Большевизированный комитет 3–го авиапарка только посмеялся над сопроводительными «кондуитными записями»: разве не великолепно это, что хотя членом партии из четверых был только один, — действовали по–большевистки все четверо? Командование авиапарка конечно, не разделяло таких настроений комитета, однако озабочено было выполнением программы подготовки к наступлению: его обязали отправлять на позиции ежедневно по две машины — каждую с пилотом и мотористом. А откуда же взять столько специалистов, если и без того пришлось спешно переквалифицировать мотористов на пилотов, а простых слесарей на мотористов.
Поэтому–то «штрафники» получили приказ немедленно отбыть обратно и принять свои аппараты. Им пришлось сесть, «пассажирами» на два аэроплана, отправлявшиеся сегодня «своим ходом»: прошли уже времена, когда летательные машины доставлялись к линии фронта на железнодорожных платформах. Бипланы «Морис Фарман» с шестицилиндровыми моторами в сто сил располагали запасом горючего на шесть часов при скорости сто шестьдесят километров в час. И старость эта была сейчас очень нужна: наступление вот–вот должно было начаться. Следовало спешить.
Аэропланы поднялись перед полуднем, чтобы взять курс зюйд–зюйд–вест, квадрат 24, почти по прямой на Тарнополь.
Стартовали машины одна за другой, и пилоты решили сделать над городом три круга — приветственные, а быть может, и прощальные: разве знает солдат, вернется ли он из боя живьем? Пилоты договорились, что над Печерском они еще и крыльями покачают — пошлют привет товарищам из авиапарка и девушкам в печерских садах.
Королевич сидел со своим пилотом, поручиком Ростиславом Драгомирецким, на заднем сиденье и смотрел вниз. Вот он под ними, милый Киев, — от широкой синей ленты Днепра на востоке до зеленых полей за темной полосой святошинских лесов на западе.
Аэроплан шел в сотне метров над землей. Ландшафт внизу быстро менял свой вид. Кресты на церковных куполах вдруг вспыхивали под солнечным лучом и мгновенно гасли позади, точно ныряли в сумрак, гнавшийся за машиной среди бела для. Рыжий дым заводов на Подоле клубился только у самых труб, а выше расплывался и повисал пеленой между аэропланом и крышами домов. Тень машины перепрыгивала с крыши на крышу, пересекала улицы и просторы широких площадей.
Внизу копошился людской муравейник.
Когда на втором круге аэроплан пролетел над Софией, стала видно, что вся Софийская площадь запружена народом.
Королевичу было известно, что это за пышный праздник и вообще какие события волнует сегодня Киев.
На площади перед Софией — в завершение второго, вновь созванного войскового съезда — должен был быть обнародован первый «универсал» Центральной рады, только что изданный, вопреки категорическим возражениям Временного правительства.
Этот «универсал» оповещал украинский народ: ввиду того, что Временное правительство отклонило предложения, которые должны были гарантировать подъем национальной жизни, Центральная рада своей властью и по своему почину провозглашает автономию Украины.
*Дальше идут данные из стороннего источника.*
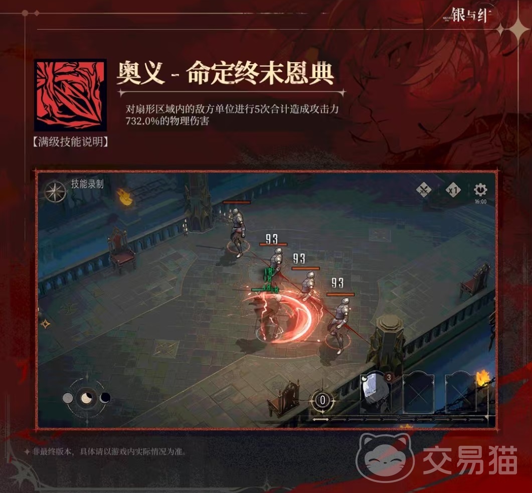 战技第四幕夜曲,每进行4次基本攻击,就可以主动释放一次这个技能,对自身圆型范围内的敌方单位造成300%攻击力的物理伤害。奥义技能命定终末恩典,对扇形区域内的敌方单位进行5次攻击,合计造成攻击力732%的物理伤害。其实这个英雄并没有其他的特点,包括控制或者是增益等,有的仅仅是依靠自身伤害来进行吸血。好在无论是战技还是奥义技能都是范围输出。这样在很多战斗中尤其是面临对方数量比较多的时候,都是比较有优势的。

На вопросы — война или мир, каким должно быть государственное устройство Украины и как же быть с разделом помещичьей земли — универсал ответа не давал: решение этих вопросов он откладывал до Учредительного собрания.
Текст «универсала» составил украинский писатель Владимир Винниченко: языковой колорит был безупречно выдержан в духе времен стародавней гетманщины…
Аэроплан уже летел над Печерском; он покачал крыльями девушкам в садах, заложил вираж над авиапарком и «Арсеналом». Двор «Арсенала» тоже густо чернел маковыми зернами: рабочие в перерыв снова митинговали.
Королевич перегнулся через борт: ему хотелось на третьем кругу получше рассмотреть Софийскую площадь.
2
Пышное празднество на Софийской площади было точной копией парада, состоявшегося месяц назад, когда первый войсковой съезд принимал присягу от первой воинской части.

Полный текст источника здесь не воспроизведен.